Issue 116 | Correspondence | The Sun Magazine

Correspondence

I read your editorial “Gift Horse” with much interest. Having gone through dental school and an oral surgical residency, I encountered many of the same types of “offerings” and hype from a myriad of pharmaceutical houses. I also had/have idealistic and altruistic feelings about these types of practices. So deep in my heart I can identify with you and your wife.

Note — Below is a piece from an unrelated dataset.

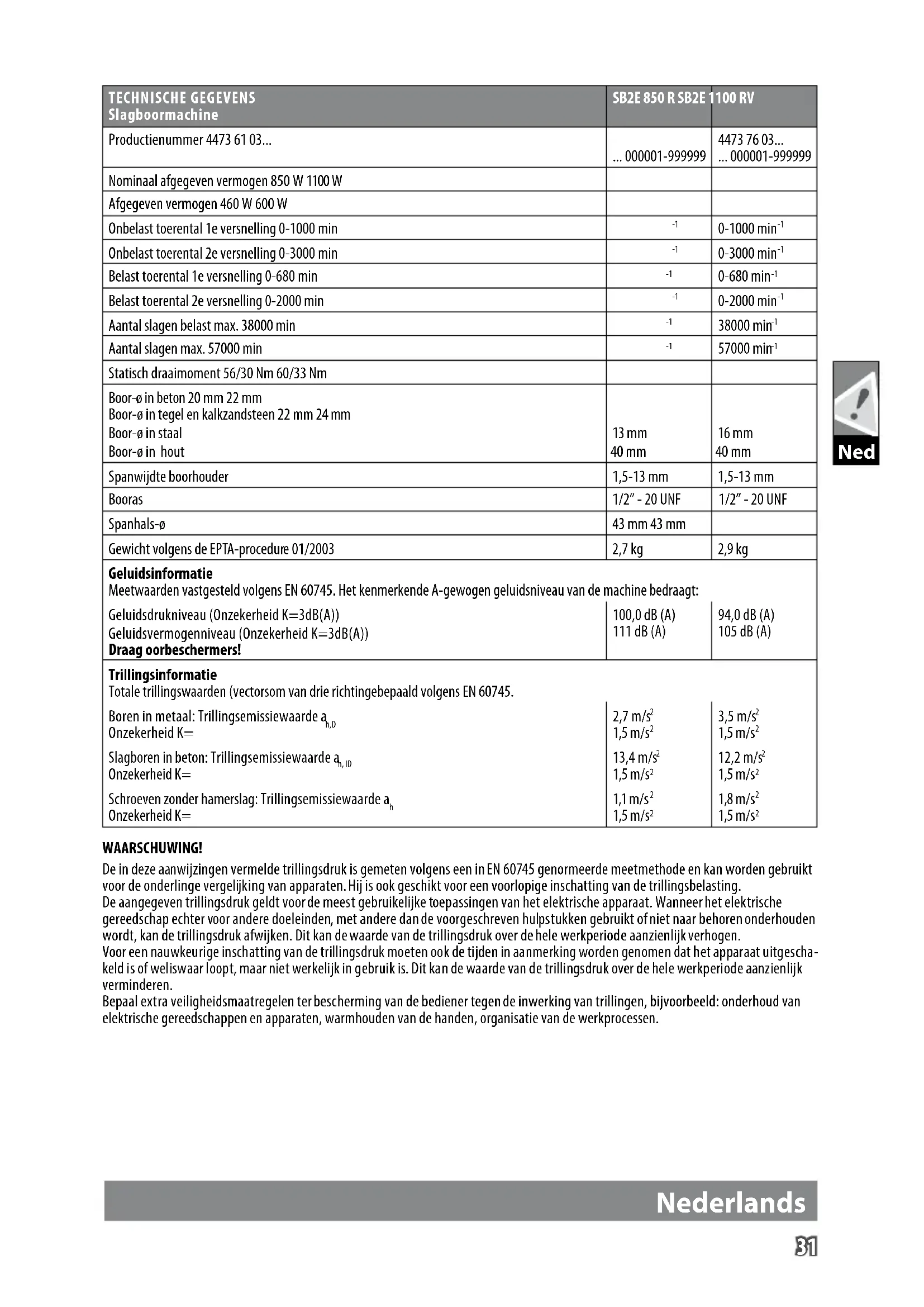 We verklaren geheel onder eigen verantwoordelijkheid dat het pro- duct in de “Technische data” voldoet aan alle relevante bepalingen van de richtlijnen: 2011/65/EU (RoHS) 2014/30/EU 2006/42/EG en de volgende geharmoniseerde normen zijn gebruikt. EN 60745-1:2009 + A11:2010 EN 60745-2-1:2010 EN 60745-2-2:2010 EN 55014-1:2006 + A1:2009 + A2:2011 EN 55014-2:2015 EN 61000-3-2:2014 EN 61000-3-3:2013 EN 50581:2012 Winnenden, 2017-09-25 Alexander Krug / Managing Director Gemachtigd voor samenstelling van de technische documenten Techtronic Industries GmbH Max-Eyth-Straße 10, 71364 Winnenden, Germany NETAANSLUITING Verplaatsbaar gereedschap moet bij het gebruik buiten aan een aardlekschakelaar (FI,RCD,PRCD) aangesloten worden. Uitsluitend op éénfase-wisselstroom en uitsluitend op de op het typeplaatje aangegeven netspanning aansluiten. Aansluiting is ook mogelijk op een stekerdoos zonder aardcontact mogelijk, omdat het is ontwerpen volgens veiligheidsklasse II. Machine alleen uitgeschakeld aan het net aansluiten. ONDERHOUD Altijd de luchtspleten van de machine schoonhouden. Bij intensief slagboorwerk de boorhouder regelmatig van stof ‚bevrijden‘. Hiervoor de machine met de boorhouder loodrecht naar beneden houden en de boorhouder dan over het totale spanbereik openen en sluiten. Het verzamelde stof valt zo uit de boorhouder. Regelmatige toepassing van reinigingsspray (artikelnummer 4932-6217-19) op de spanbekken en spanbekkenboringen wordt aanbevolen. Wanneer de netkabel beschadigd is, moet deze door een klanten- service worden vervangen, omdat daarvoor speciaal gereedschap vereist is. Nederlands33 English Ned Alleen AEG toebehoren en onderdelen gebruiken. Onderdelen welke niet vermeld worden, kunnen het beste door de AEG service- dienst verwisseld worden (zie Serviceadressen). Onder vermelding van het nummer op het machineplaatje is desgewenst een doorsnedetekening van de machine verkrijgbaar bij: Techtronic Industries GmbH, Max-Eyth-Straße10, 71364Win- nenden, Germany. SYMBOLEN OPGELET! WAARSCHUWING! GEVAAR! Voor alle werkzaamheden aan de machine de stekker uit de kontaktdoos trekken. Graag instructies zorgvuldig doorlezen vóórdat u de machine in gebruik neemt. Toebehoren - Wordt niet meegeleverd. Is apart leverbaar. Zie hiervoor het toebehorenprogramma. Elektrische apparaten mogen niet via het huisafval worden afgevoerd. Elektrische en elektronische apparaten moeten gescheiden worden verzameld en voor een milieuvriendelijke afvoer worden afgegeven bij een recyclingbedrijf. Informeer bij uw gemeente of bij uw vakhandelaar naar recyclingbedrijven en inzamelpunten. Elektrisch gereedschap van de beschermingsklasse II. Elektrisch gereedschap waarbij de bescherming tegen ele- ktrische schokken niet afhankelijk is van de basisisolatie, maar waarin ook extra veiligheidsmaatregelen worden toegepast zoals dubbele of versterkte isolatie. CE-keurmerk UkrSEPRO -symbool van overeenstemming. EurAsian-symbool van overeenstemming. Nederlands34 English Dan TEKNISKE DATA Slagboremaskine SB2E 850 R SB2E 1100 RV Produktionsnummer 4473 61 03... ... 000001-999999

I must take issue with the way you presented the problem. First of all, the Eli Lilly Company need not have been singled out so dramatically. I wondered as I was reading — though I am as often as not turned off by their marketing schemes — “Did Sy really research his claims, and how much does he honestly know about the Lilly Company and what else it does besides hand out stethoscopes?” Are you aware of the background of that particular company, how they developed insulin for diabetes and made provisions for possible disasters by having a secret unassembled plant somewhere to be able to continue the world’s output of insulin, or how much energy these people put into developing penicillin? I have no qualms with your criticism, but I was taken aback by the lack of balance.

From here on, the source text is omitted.